#### DATA BLOCK
'''

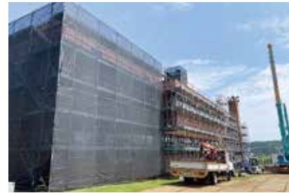
改修中の東藻琴総合支所

開陽中央線改良工事、総合支所耐震補強・改修工事の契約締結について、可決しました。
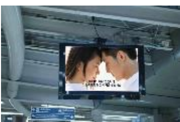
結婚を急げという広告

'''

#### ASSIGNED TASK
Each line from the one containing "開陽中央線改良工事、総合支所耐震補強・改修工事の契約締結について、可決しました。" through the final line of the data must be reproduced exactly, both ends included, with no pictures in the copy.

#### WRITTEN REPLY
開陽中央線改良工事、総合支所耐震補強・改修工事の契約締結について、可決しました。
結婚を急げという広告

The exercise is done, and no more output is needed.